Moreover, facts speak louder than words. We have also received positive feedback in practice, during commercial implementations, and through actual data verification with clients, such as the data displayed on the sixth screen of our official website's homepage, which we obtained client permission to showcase.
Controversy or Challenge?
Of course, we do not consider this technology to be flawless. Whether it's GENAI or world models, from a technical standpoint, we only see it as a beginning. There are naturally many controversies and areas for improvement.
For instance, some argue that synthetic data fundamentally differs from traditional data because it is generated by models, lacking direct human elements. This indicates that synthetic data might miss the subtle nuances naturally present in human-generated data. However, we believe that the inherent randomness of generated data adequately covers this issue. In a sense, complete randomness can even encompass predictable human regularities.
Others, while appreciating the practicality of "synthetic data" in improving data quality to enhance model performance, worry about whether synthetic data can expand the knowledge scope of models beyond what the models themselves can infer. We think this concern is related to another worry.
This worry concerns a significant risk that improper use of synthetic data might lead to: creating an echo chamber where AI systems cyclically train on outputs generated by similar systems, potentially causing innovation to stagnate. In other words, training AI models on the outputs of previous AI systems might create a feedback loop, limiting the new models' potential to surpass the old ones. Alternatively, we might call this model cannibalization, but we believe there's no need for excessive worry. The core issue causing model cannibalization lies not in synthetic data itself but more in the application methods. Regarding this, we recommend reading our other article: "Can Synthetic Data Lead to Model Cannibalization?"
We welcome any controversy.
Controversy means it's being truly used, and it also means that problems will be exposed. JoinAI's journey with synthetic data is just beginning. To realize our dreams, we will steadfastly continue on this path. It's precisely because of this that we welcome the emergence of any controversy. Every member of JoinAI maintains the most open and optimistic attitude toward controversy. For us, who hold a simple technological faith, difficulties are never more numerous than solutions.
Final Thoughts
Whenever people talk about "AI intelligence not being separable from training data," no matter how it's expressed, it doesn't change the fact that it sounds difficult to get excited about, utterly unsexy, and frustrating. Compared to this plain truth, we inevitably prefer stories of "making much out of little" or "using minimal effort to move a great weight," such as the once-popular concept of few-shot learning (the idea that good AI effects can be achieved with a small amount of training data).
From a human nature perspective, it's hard for us to restrain ourselves from seeking shortcuts.
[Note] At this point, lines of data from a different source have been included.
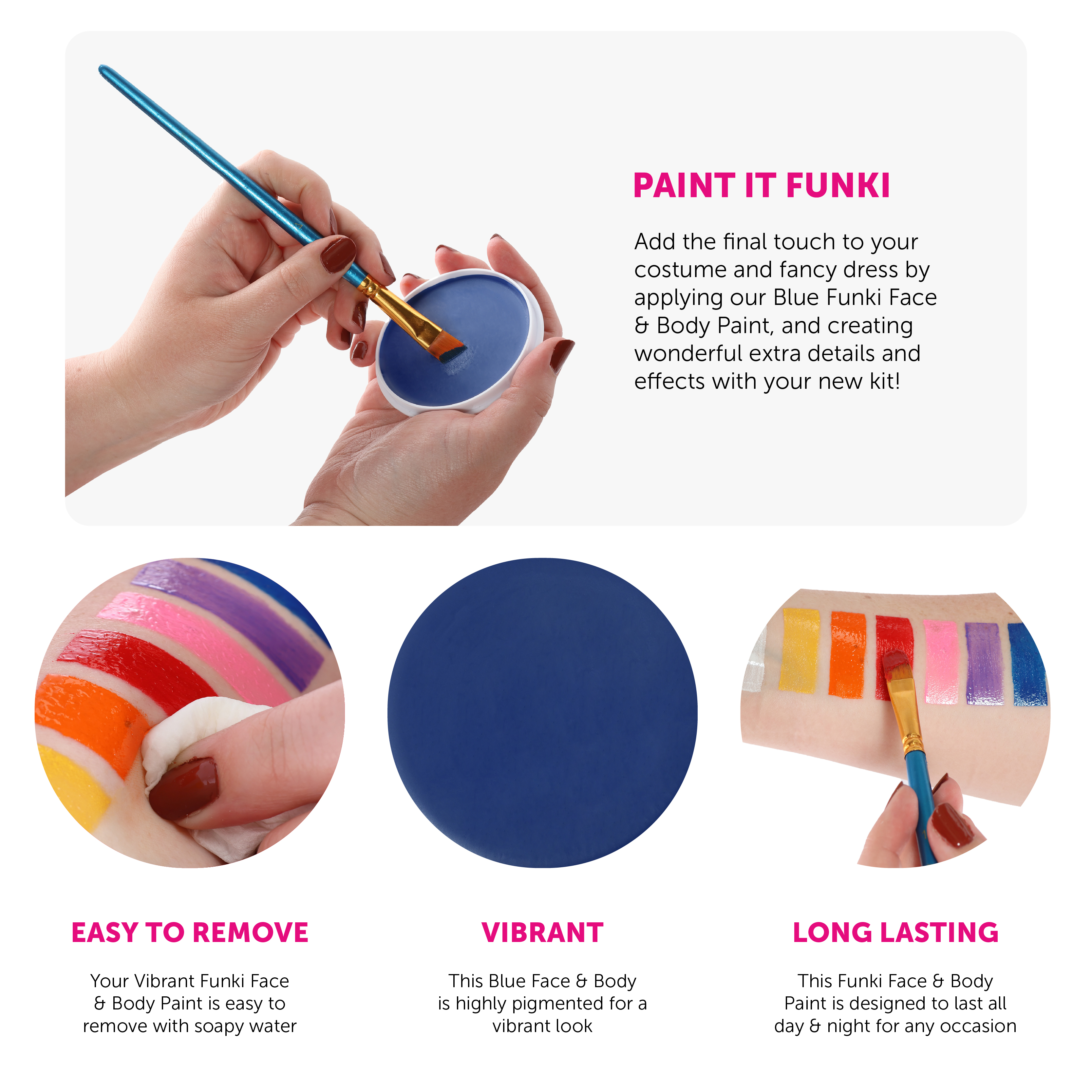 - BLUE FUNKI FACE & BODY PAINT: Add the final touch to your costume and fancy dress by applying our Blue Funki Face & Body Paint and creating wonderful extra details and effects with your new kit!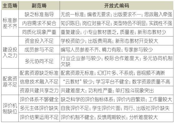 (五)教材建设:存在标准不齐、投入乏力、资源不足和机制缺位问题。一是标准参差不齐。教材建设缺乏统一标准、编者资质标准欠缺,出版社要求标准参差不齐,思政元素融入牵强,对意识形态要求差别较大。部分教材存在知识更新不及时、教材内容与职业标准、岗位规范对接不充分,类型特色不显著。基础类教材重复建设严重,新兴专业的核心教材数量较少,质量意识不强。二是建设投入乏力。新形态教材建设开支较大,资金投入不足。编写队伍参差不齐、投入精力有限、专家参与较少。行业企业参与较少、产教融合力度不足、校际合作难度较大。三是配套资源不足。数字资源标准不一致、建设质量不高。新形态教材数量不足,教材学习平台不健全,无法支撑线上线下融合教学。受功利目标导向、教材版权等因素影响,校企或校际共建教材难度大。四是评价机制缺位。多数院校对教材评价工作不重视,缺乏科学的评价指标体系,多元评价主体缺失。动态监测机制不健全,反馈周期较长,评价结果运用难度较大。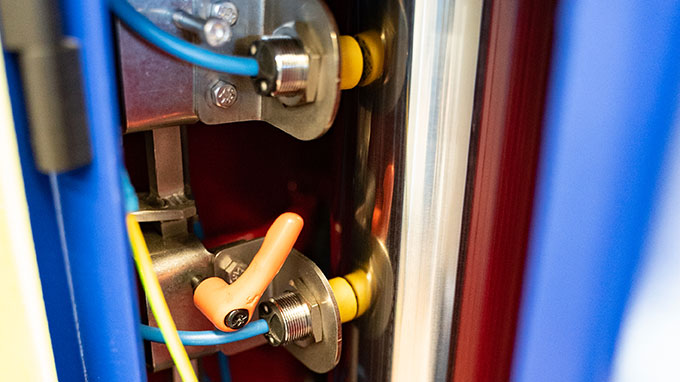 Anyone wanting to look for the smallest Turck components in a Niemann machine must look really closely. With a housing length of 31 millimeters and a height of six millimeters, the BIM-UNT-AY1X magnetic field sensor is hidden in the cover hinge of a tank fill opening. This detects here whether the cover is open or closed. In addition, a specially designed inductive sensor must withstand wear in the drive. This scans a switch lug in the very demanding atmosphere.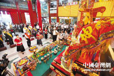 中國(guó)臺(tái)灣網(wǎng)6月28日臺(tái)灣消息 6月25日,來(lái)自洛陽(yáng)關(guān)林的兩尊“關(guān)圣帝君”神像運(yùn)抵臺(tái)灣高雄東照山關(guān)帝廟,并于當(dāng)日下午舉行了安座大典。臺(tái)灣立法機(jī)構(gòu)負(fù)責(zé)人王金平、臺(tái)當(dāng)局前法務(wù)部門負(fù)責(zé)人蕭天贊、高雄縣縣長(zhǎng)楊秋興、高雄市市長(zhǎng)陳菊、臺(tái)民意代表黃昭順、臺(tái)灣中華道教關(guān)圣帝君弘道協(xié)會(huì)總會(huì)長(zhǎng)郭有智、臺(tái)灣中華全球洪門聯(lián)盟總會(huì)長(zhǎng)劉會(huì)進(jìn)、臺(tái)北木柵指南宮主任高忠信等各界人士參加安座大典。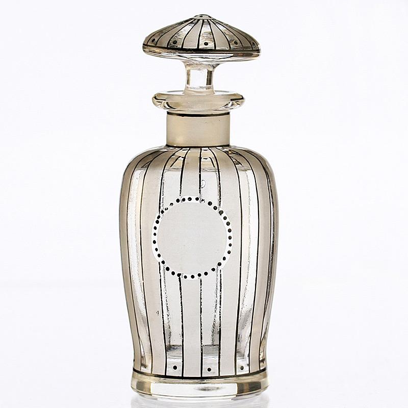c.1920s French Art Deco enamelled & etched glass scent perfume bottle #3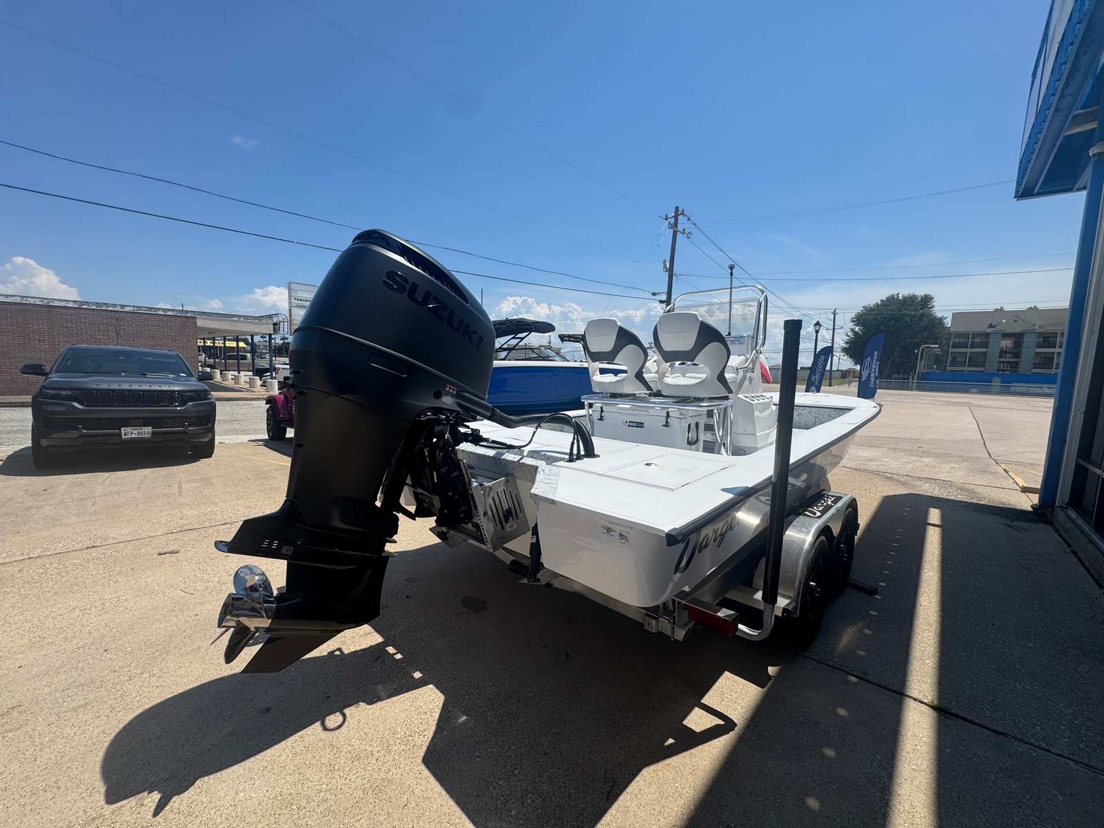 Owning the Dargel Kuda 250 Center Console means unlocking a world of fun and relaxation. The spacious deck layout is perfect for social gatherings, allowing friends and family to spread out and enjoy the sun. The upgraded seating and ergonomic helm ensure that every trip is comfortable, whether you’re cruising, fishing, or simply soaking in the scenery. The livewell guide and wading ladder make fishing excursions more productive and enjoyable, while the trailer adds unmatched convenience for transport and storage.The Kuda 250’s new condition means you’ll benefit from the latest advancements in marine technology, with every component designed for durability and ease of use. The matte black Suzuki engine not only delivers impressive power but also adds a touch of style to your boat’s appearance. With its versatile features and spacious design, this Center Console boat is the perfect platform for creating lasting memories on the water.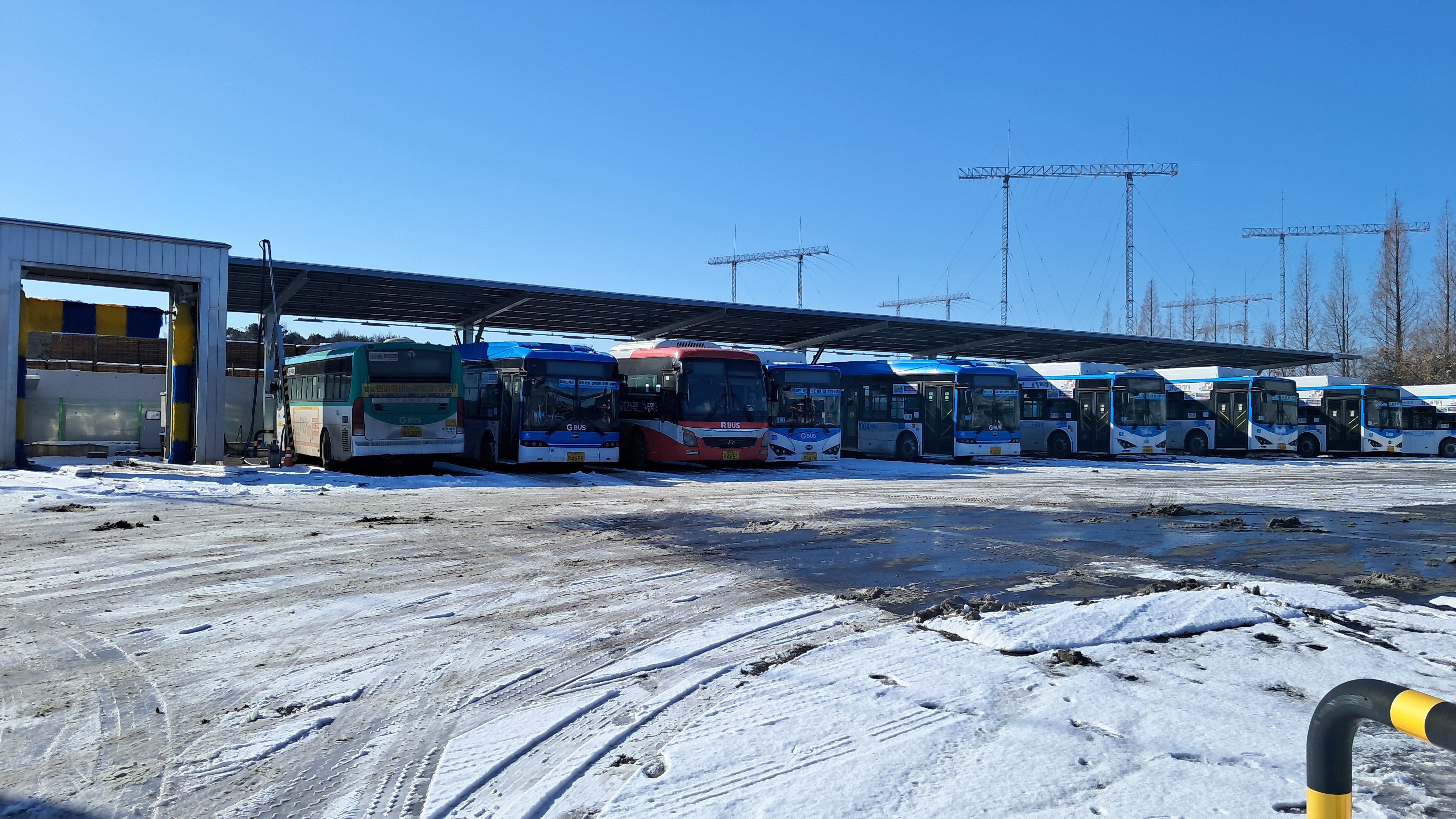 제부도 입구 근처까지 다니는 버스들의 차고지를 통과합니다.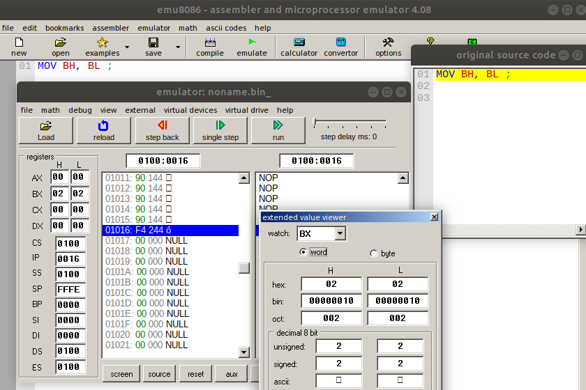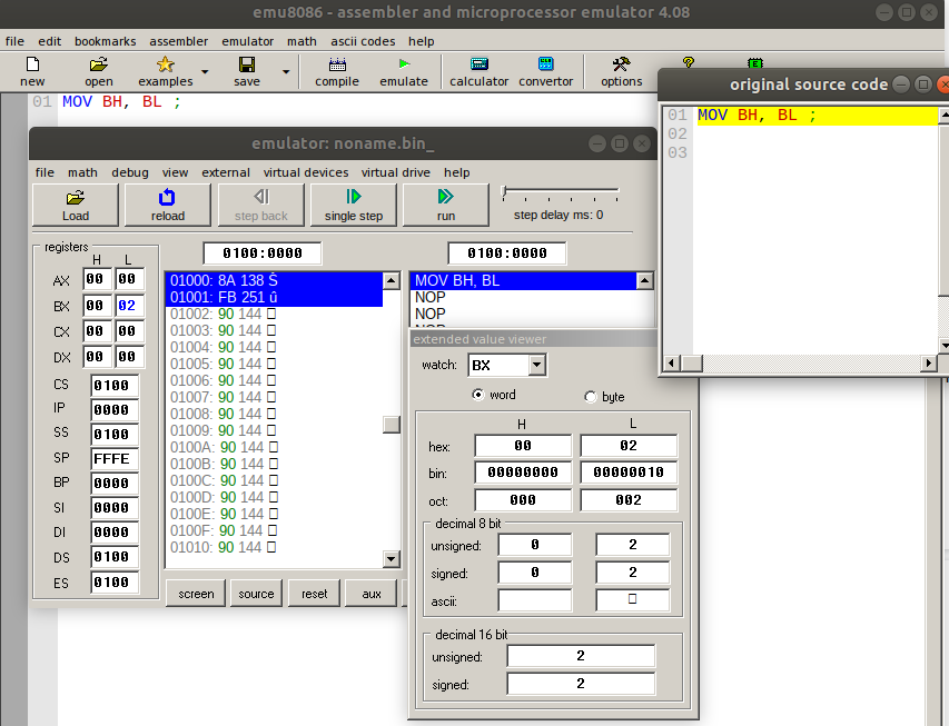 - MOV BH, BL: This instruction copies the content of register BL to BH. The new value of BH is 0x2. The source operand is BL and the destination operand is BH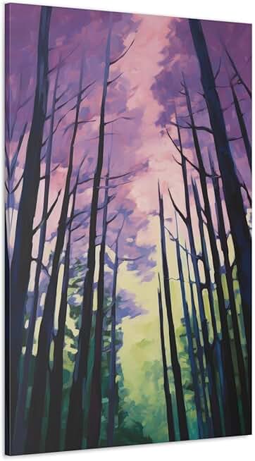 Abstract Forest Painting Canvas Print | Pine Forest Artwork | Pink & Green Wall Art Room Decor | Contemporary Home Decor (32" x 48")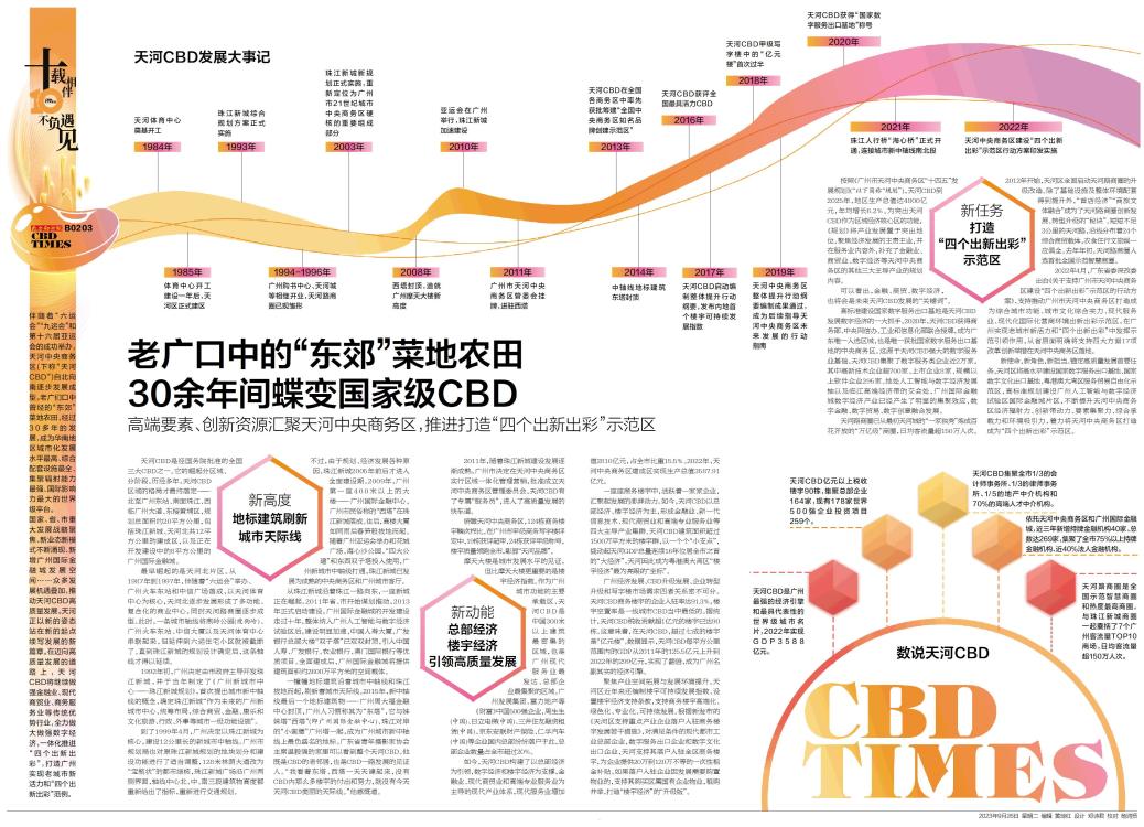 伴随着“六运会”“九运会”和第十六届亚运会的成功举办,天河中央商务区(下称“天河CBD”)自北向南逐步发展成型。老广们口中曾经的“东郊”菜地农田,经过30多年的发展,成为华南地区城市化发展水平最高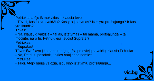 - Na, klausyk: valdžia – tai aš, įstatymas – tai mama, profsąjunga – tai močiutė, na o tu, Petriuk, esi liaudis! Supratai?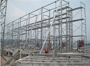 满堂脚手架:指室内天棚的安装和装饰及安装工作面等而搭设的一种棋盘井格式脚手架。-主要用于单层厂房、展览大厅、体育馆等层高、开间较大的建筑顶部的装饰施工。由立杆、横杆、斜撑、 剪刀撑等组成. 。

Moreover, from a scientifically dialectical perspective, even if ChatGPT has proven that the scaling law is the shortcut, it doesn't mean that the path to "intelligence emergence" is limited to the scaling law alone.
However, as long as humanity doesn't cease exploring AI/AGI, we must still face the fact that "the existing data in the real world" cannot meet the basic conditions for training, and the exploration of "synthetic data" and its related technological paths is humanity's dream shortcut.
In JoinAI's data methodology, there's a core principle formula:
Better data = (Better data AI fit x Better data acquisition methods x Better data selection methods) / Better data management methods.
Only the best synthetic technology can simultaneously maximize all three factors within the parentheses. And this is what JoinAI has been striving for.